Быстрота без суетливости - это выработалось у него на фронте. Быстро оделся, переспросил на ходу:
- Значит, левая сторона?
- Левая, доктор.
Посыльный отвечал односложно. Большего и не требовалось. Толковый парень. Такие хирургу нравились. Конечно, лучше бы телефон. Но что поделаешь, связь в городе еще скудна: третий год после войны.
На улице дул свежий ветер. Бархатисто темнели деревья, обступившие больничный корпус. В вышине поблескивали-шевелились летние звезды. Пахло пылью, окропленной вечерним дождиком. «А вот к человеку пришло несчастье...» Иван Кириллович ускорил шаг:
- Выстрел, наверное?
- Глупый выстрел, товарищ доктор... По случайности...
- Ах, эти случайности!
Воображение уже рисовало ход операции. Одна картина вставала за другой. Мысль работала горячо и смело. В операционную он почти вбежал.
II
Привычный стол - в резком свете электричества. Полуприкрытое полотном тело мужчины: русые волосы, белая кожа. Да, молодой и сильный. На груди, возле соска, - багровое пятно. Клякса. Пятнышко. Кажется, можно его стереть. Такая пустяковая малость! «Воротами смерти служит иногда булавочный укол...» Ты еще права, старая мудрость медицины! Иван Кириллович берет утомленную руку. Здесь у живого выстукивает секунды кровь. А сейчас - тихо. Замер родник. Как видно, все кончено. Он припадает ухом к груди: покой, смерть. Эх, ты, русый, русый!
- Не трогайте меня, доктор... Не надо...
Голос подобен шелесту больничного полотна. Тонкая ниточка жизни! Минута, две - и оборвется. Но это - жизнь!
- Готовьте операцию, - говорит он людям в белых халатах. И сразу прихлынула вся энергия души: живой, живой!
- Будем делать операцию, - повторяет он.
Когда трудно, рискованно, к нему всегда приходит спокойствие. Стихает бурная взволнованность, все становится определенным и ясным. Он тщательно моет руки, надевает резиновый фартук, отдает приказания сестре. Достаточно ли света? Вполне. Только надо быстрее, быстрее.

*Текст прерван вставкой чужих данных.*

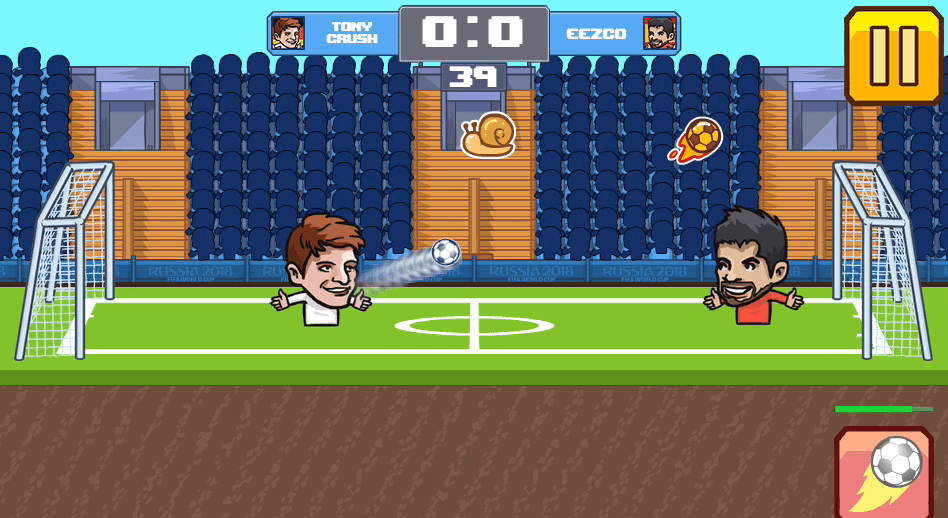 You control a character who opposes the enemy. You play on a regular field and your main task is to score more goals than your opponent can do. Naturally, according to the classic rules of football - all the action will take place within the time allotted for the match. The one who, within the allotted time, can score more, wins. From time to time, various bonuses will appear on the field that can significantly help you or slow down your opponent. Such components will always appear over the heads of the characters and you should learn how to hit them with a ball to activate.

Ассистент, тишайший Яков Наумович, бесшумно делает свое дело. В глазах у него - мягкая печаль и прозорливый ум. Похож на знаменитого скрипача.
Старшая сестра работает в привычном молчании. Одежда ее - белая и тихая - поглотила все шорохи точных, скупых движений. Спокойные глаза - матерински ясны. Она опасливо взглядывает на багряное пятнышко, величиною с гривенник. Пустынный, стеклянный свет высокой комнаты застыл над умолкшей грудью. Звенят тонкие, невидимые струны - звенит тишина.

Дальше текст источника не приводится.